This kind of data is rarely found on the internet, but it sometimes appears in places like forums. And what’s more surprising is, this isn’t written by just one person, right? It’s not one person who meticulously lays out the problem and summarizes it by explaining the intermediate steps. Instead, multiple people participate and interact, creating this kind of collective reasoning data.

43:30 Chester Roh A while ago, Andrej Karpathy talked about why he founded Eureka Lab on the Dwarkesh Podcast.

I think he said something similar. If you have a perfect teaching assistant who knows all your perplexities, your learning efficiency increases tremendously. He said he was going to build that, and this feels like déjà vu. A teaching assistant perfectly suited to my level.

43:50 Seonghyun Kim And as various people interact, the result of their interactions becomes a kind of record of reasoning. Reaching the correct answer through text.

So, very familiar reasoning tokens appear in this example. And these rare but existing examples become the data from which LLMs learn the ability to reason.

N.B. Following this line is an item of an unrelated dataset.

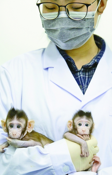 中科院神经科学研究所孙强团队成功突破了现有技术无法克隆灵长类动物的世界难题。图为克隆猴“中中”和“华华”被护士抱在怀里(一月二十二日摄)。新华社记者 金立旺 摄

Emergence of reasoning ability through reinforcement learning 44:14

44:14 Seonghyun Kim Then, the question becomes how to elicit this ability. In most cases, it’s buried and doesn’t surface easily. The probability of it surfacing isn’t zero, but the probability of not reasoning is much higher. A recent interesting paper came out on this topic, so I’ll explain the intuition from that paper. There’s a probability of generating reasoning, and a probability of the answer being correct when it reasons. There’s a probability of not generating reasoning.

And without reasoning, there’s a probability of the answer being correct. In that case, an LLM basically has a much higher probability of not reasoning. But when it does reason, the probability of the answer being correct is high. Higher than when it doesn’t reason. So, it generally doesn’t generate reasoning, but the probability of being correct when it does is higher than the probability of being correct without reasoning. This is an asymmetric situation.

So then, in the process of reinforcement learning, how this works is, although the probability of generating reasoning is low, compared to the probability of reasoning being generated, the probability of being correct is high. Reinforcement learning increases the probability for correct answers, right? Then, cases that generated reasoning will be reinforced.

45:22 Chester Roh So it’s a direction that incentivizes it to keep talking longer.

45:27 Seonghyun Kim Yes, it works in that direction. Because it’s asymmetric, in cases where it reasoned, it pays more attention. Because the probability of being correct is higher then.

Even if the probability of reasoning is very low, since there are many correct cases relative to that low probability, those correct answers get more emphasis. In reinforcement learning, because reinforcement learning only looks at whether the answer is correct or not. So, the very act of evaluating based on the correct answer means that even if the probability is low, if there are many correct cases, it receives stronger reward reinforcement than its probability of occurrence would suggest.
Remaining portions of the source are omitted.